Auch im Gemeinderat gibt es seltene Einigkeit. SP, VP und FP sind klar dafür, die Grünen wollen sich dazu derzeit nicht äußern. „Selbstverständlich müssen wir uns bewerben“, legt sich VP-Vizebürgermeister Matthias Adl fest. Voraussetzung dafür sei aber, dass die Unterstützung des Landes gewährleistet ist, die Kosten genau definiert werden und die täglichen Aufgaben der Stadt nicht vernachlässigt werden. Zudem sei wesentlich, so Adl, dass die Themen gemeinsam festgelegt werden.

Eine klare Position hat auch die FP: Die Stadt müsse ihre Stärken noch mehr vermarkten. Der Status als Europäische Kulturhauptstadt könnte dabei ein Meilenstein sein, betont Stadtpartei-Chef Klaus Otzelberger. „Die FP ist sehr stolz auf die schöne Innenstadt St. Pöltens und vor allem darauf, dass St. Pölten als alte Römerstadt die älteste Stadt Österreichs ist.“

Klar dafür ist auch Bürgermeister Matthias Stadler (SP). Allerdings: „Dass wir die Bewerbung bisher nicht so zielstrebig verfolgen konnten, liegt daran, dass wir zurzeit keine Finanzierungszusagen von den übergeordneten Körperschaften haben.“ Mit-Bewerber Bregenz habe deutlich bessere Rahmenbedingungen, weil das Land Vorarlberg bereits zugesagt habe mitzuzahlen. Stadler: „Wir können aus eigener Kraft so ein Großprojekt nicht stemmen, sondern wir brauchen so wie Graz oder Linz die massive Unterstützung des Landes.“ Liege diese Unterstützungs-Zusage nicht vor, mache eine Bewerbung keinen Sinn. Von Seiten des Landes gebe es aber, so Stadler, „eine gewisse Zurückhaltung“ gegenüber der Unterstützung einer St. Pöltner Bewerbung.

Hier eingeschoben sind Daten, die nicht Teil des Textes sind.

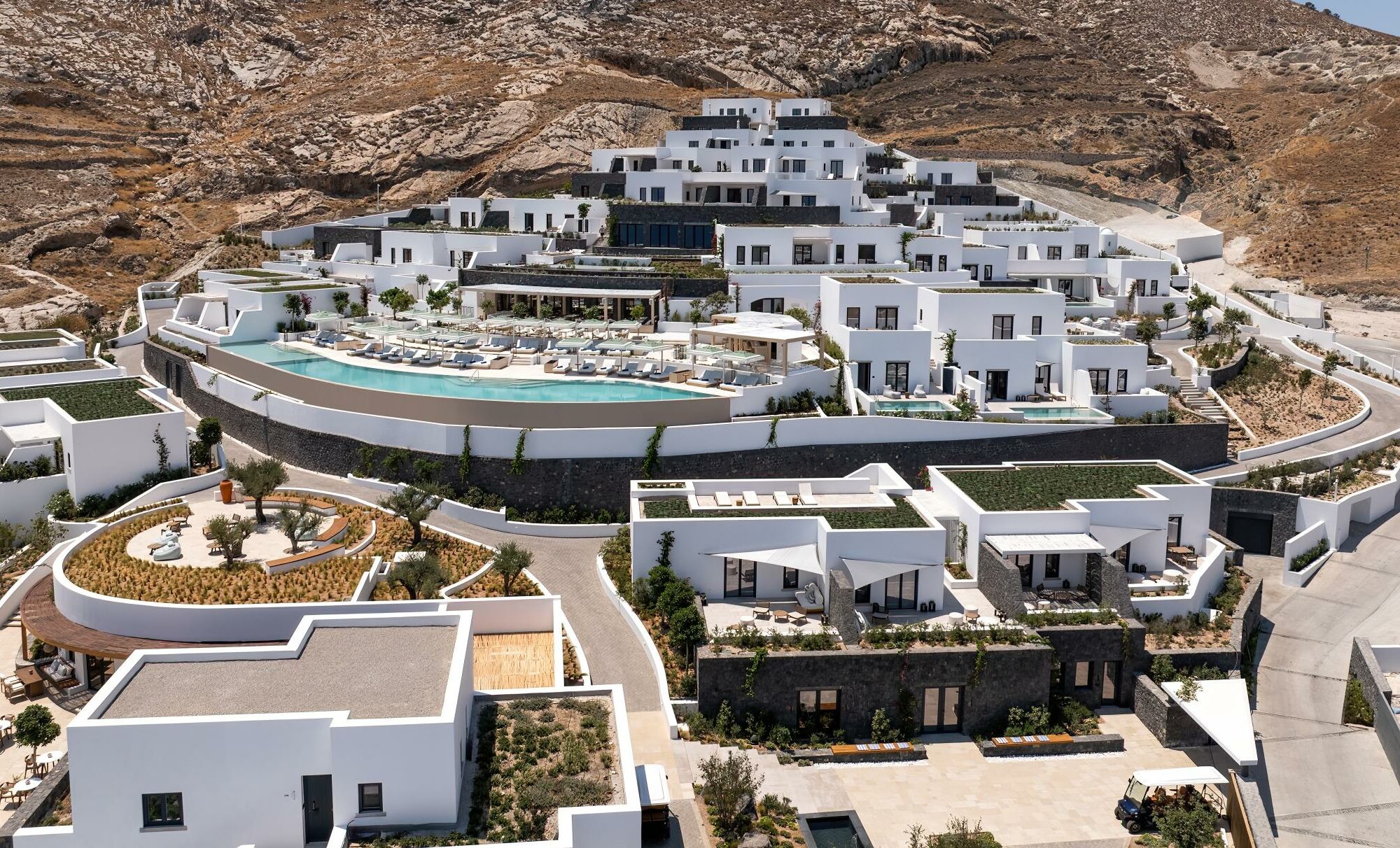 Σχεδιασμένο για να συνδέει αρμονικά τους εσωτερικούς και τους εξωτερικούς χώρους, κάθε δωμάτιο διαθέτει ιδιωτική βεράντα με θέα στην πισίνα ή στο Αιγαίο Πέλαγος, ενώ σχεδόν το ένα τρίτο των επιλογών διαμονής προσφέρει δική του ιδιωτική πισίνα. Για όσους αναζητούν στιγμές ιδιωτικότητας, οι τρεις κομψές βίλες προσφέρουν την ιδανική επιλογή φιλοξενίας. Ο ειδικά διαμορφωμένος χώρος στην παραλία, εξοπλισμένος με ξαπλώστρες και ομπρέλες, προσφέρει στους επισκέπτες μια αναβαθμισμένη εμπειρία δίπλα στη θάλασσα.
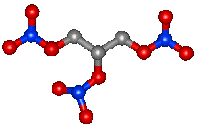 時代が下り、化学が発達してくるにつれてさらに高性能な爆薬が出現してきました。代表的なのはニトログリセリン(下左)で、その名の通りグリセリンの3つの酸素がニトロ化(正確には硝酸エステル化)されたものです。ちょっとした熱や衝撃を与えるだけでもすぐ爆発する、極めて危険な化合物です。
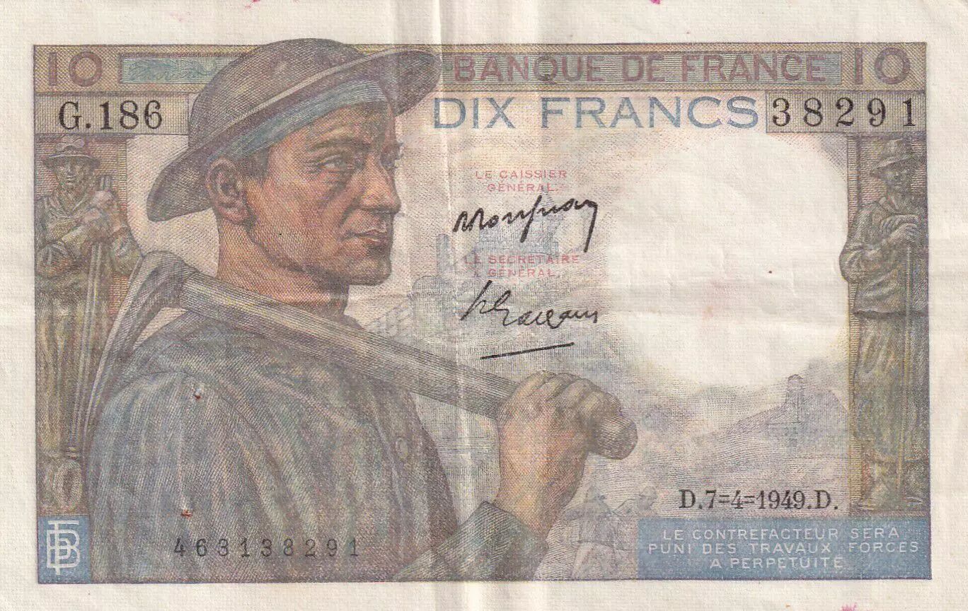 Home > > France 10 Francs - Minor - 07-04-1949 - Serial G.186 - P.99
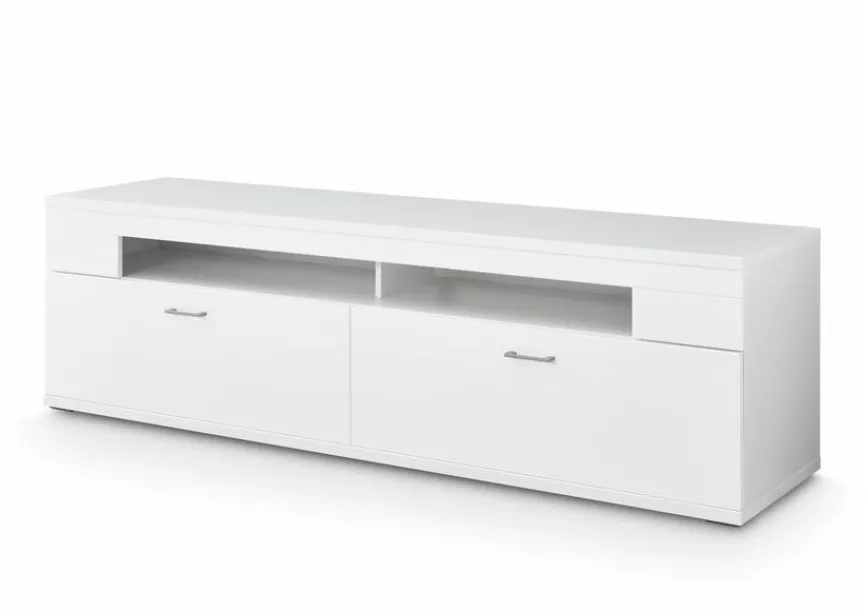 Das TV-Lowboard Topeka ist nicht nur funktionell, sondern überzeugt auch in puncto Optik. Geradlinige Formen und ein unifarbener Anstrich verleihen dem TV-Unterschrank ein sehr attraktives Äußeres. Darüber hinaus bietet das TV-Lowboard Topeka im Inneren viel Stauraum für Fernbedienungen, Zeitungen und andere Gegenstände.

Land: „Stadt muss Vorschlag bringen"

Die Frage, ob das Land sich vorstellen kann, St. Pölten zu unterstützen oder nicht, stelle sich zurzeit gar nicht, erwidert Hermann Dikowitsch, Leiter der NÖ Kulturabteilung: „Die Stadt ist noch nicht mit einem konkreten Vorschlag auf das Land zugekommen. Sobald dies erfolgt, werden wir natürlich gerne in Gespräche treten.“ Eine Finanzierungszusage könne es also noch gar nicht geben, betont Dikowitsch.

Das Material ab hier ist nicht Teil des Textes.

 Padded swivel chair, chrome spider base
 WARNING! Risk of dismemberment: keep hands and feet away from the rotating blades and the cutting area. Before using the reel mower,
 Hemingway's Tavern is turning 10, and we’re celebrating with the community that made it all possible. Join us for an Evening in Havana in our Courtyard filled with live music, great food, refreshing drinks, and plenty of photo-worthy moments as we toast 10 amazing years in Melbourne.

St. Pölten könne sich jederzeit bewerben. Klar sei aber, dass das Land die Kosten für das Projekt Kulturhauptstadt nicht alleine tragen werde. „Da müsste auch ein wesentlicher Anteil von der Stadt kommen.“

St. Pölten als Kulturhauptstadt überhaupt ins Gespräch gebracht hat bereits in den 1990er-Jahren Siegfried Nasko. Der ehemalige Kulturstadtrat sieht St. Pölten noch mehr als damals geeignet, sich zu bewerben. Die Stadt habe sehr reelle Chancen: „St. Pölten verfügt über eine intakte und repräsentative kulturelle Infrastruktur, die beachtliche Nutzungsreserven aufweist. Darüber hinaus lebt die Kulturszene in der Stadt de facto in allen Kultursparten.“

„St. Pölten verfügt über eine intakte und repräsentative kulturelle Infrastruktur, die beachtliche Nutzungsreserven aufweist.“ Siegfried Nasko

Ein Manko sei der Abzug der bildenden Kunst nach Krems sowie ein ausstehendes Bekenntnis der Landeskulturverwaltung zu St. Pölten, ist Nasko überzeugt. Da die Kulturhauptstadt seit 2009 an zwei Städte vergeben werde, solle sich St. Pölten gemeinsam mit Brünn bewerben, schlägt Nasko vor.